43. La sévérité de l'action
éthique qu'on applique à une scientologue montrant un comportement
inorthodoxe dépend du degré de la faute par rapport aux idéaux
scientologues. Elle augmente jusqu'à ce que la personne revienne
dans le système et qu'elle démontre à nouveau "la
façon scientologue correcte de penser".
44. Par exemple, un étudiant décide d'aller jouer
au basket ce jour-là, plutôt que venir au cours. Il est probable
que le superviseur de cours se contentera de le lui faire remarquer, et
de chercher "ce qu'il n'a pas comrpis dans les matériaux du cours".
Si cela ne fait pas changer l'étudiant d'attitude et qu'il ne s'excuse
pas, le superviseur l'enverra probablement en éthique. (L'éthique
est aussi le lieu où des 'officiuers d'éthique' administrent
les procédures d'éthique).
45. Une fois le scientologue en éthique, un ou plusieurs officiers
d'éthique l'interrogent jusqu'à satisfaction concernant l'élimination
de la façon de penser incorrecte.
46. Par exemple, l'officier d'éthique laissera l'étudiant
exprimer son point de vue et donner les raisons qui l'ont poussé
à choisir le basket au lieu du cours et lira le rapport du superviseur
de cours. Il demandera alors à l'étudiant dans "quelle condition"[éthique]
il se croit.
47. Il existe en scientologie 10 "conditions d'existence". Une personne
se trouvera toujours dans l'une d'elles. Il faut alors suivre des étapes
précises menant de cette condition à la condition du dessus.

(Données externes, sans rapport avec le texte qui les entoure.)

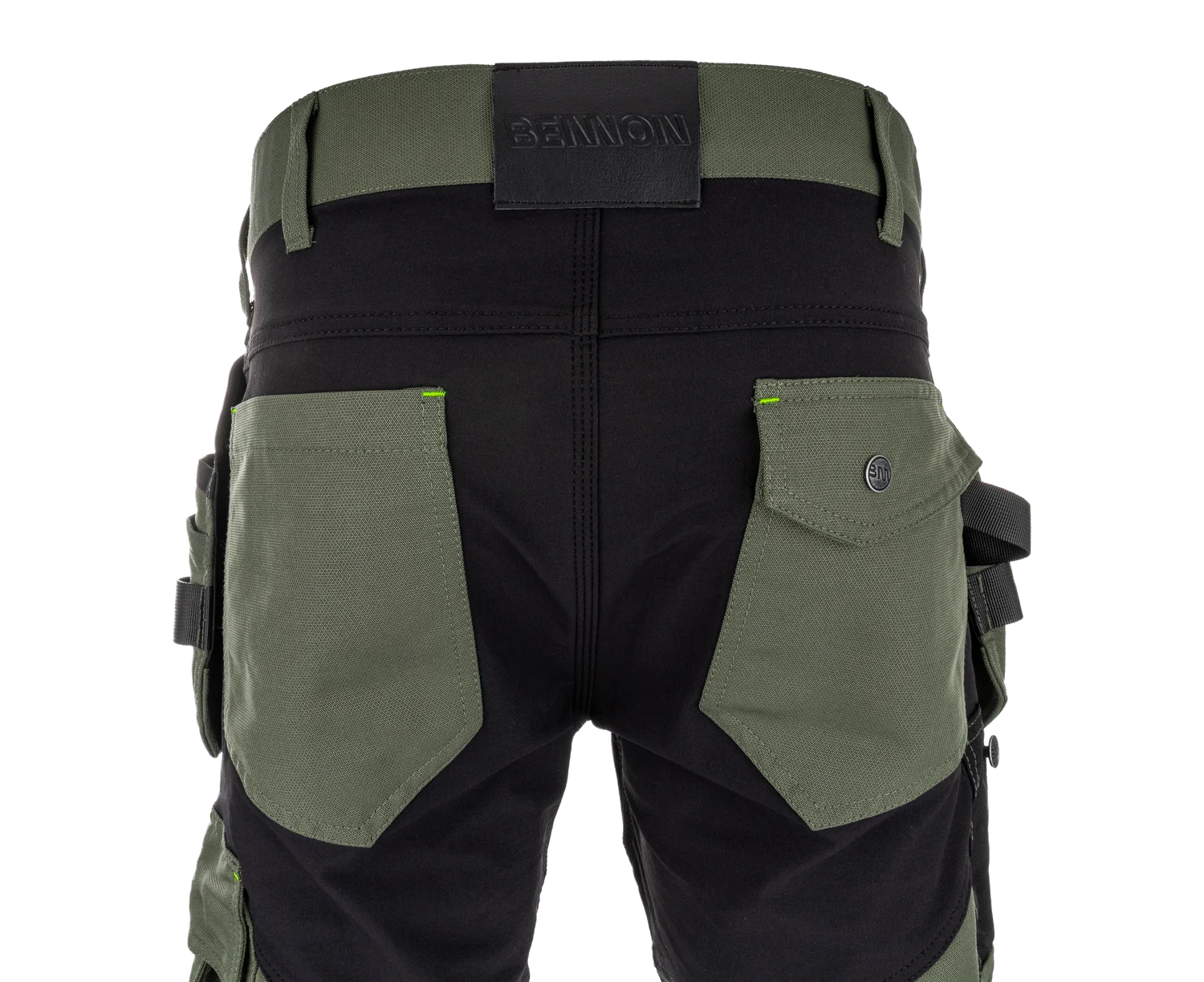Profesionálne pánske pracovné kraťasy sú navrhnuté pre maximálnu odolnosť a funkčnosť v náročných podmienkach. Kombinácia pevného materiálu s pružnými zónami v oblasti sedu a rozkroku zabezpečuje pohodlie aj pri dynamickej práci.

Les noms des conditions en question:
- confusion - trahison - ennemi - doute - risque
[risque que l'on fait encourir aux autres, ndt] -
danger - urgence - normal - affluence - puissance. [auxquelles
s'ajoute une condition neutre 'de démarrage', la condition de non-existence,
ndt]
48. Si l'étudiant ne peut voir pourquoi il aurait dû faire
une des conditions basses et si l'officier d'éthique ne peut le
convaincre, même en le dénigrant, en l'intimidant et en l'accusant,
il ordonnera à l'étudiant d'écrire toutes les exactions
que celui-ci aurait commises, en particulier en scientologie. On croit,
en scientologie, que la personne offre d'autant plus de résistance
à suivre les règles de reconditionnement éthique du
mental qu'elle a commis d'actes nuisibles , en particulier des actes hostiles
dirigés contre la scientologie. (L'accomplissement des étapes
des conditions éthique lui fera prendre la décision de ne
plus jamais jouer au basket ou à quoi que ce soit, si elle est supposée
aller sur les cours scientologiques.)
49. Si l'étudiant récalcitrant refuse d'écrire
ses exactions, l'officier d'éthique ordonnera qu'il reçoive
une "vérification de sécurité", c'est à dire
qu'on lui posera une série de questions sous diverses formes pour
savoir quels exactions il a commises. Lors de cette vérification,
l'étudiant est branché sur l'électromètre [sorte
de détecteur de mensonges] afin de pouvoir mesurer ses réactions
physiques. La personne qui effectue cette vérification est entraînée
à mettre à jour ces exactions.
50.Si tout va bien, il est probable que l'étudiant ressentira
quelque soulagement de s'être débarrassé de ces exactions.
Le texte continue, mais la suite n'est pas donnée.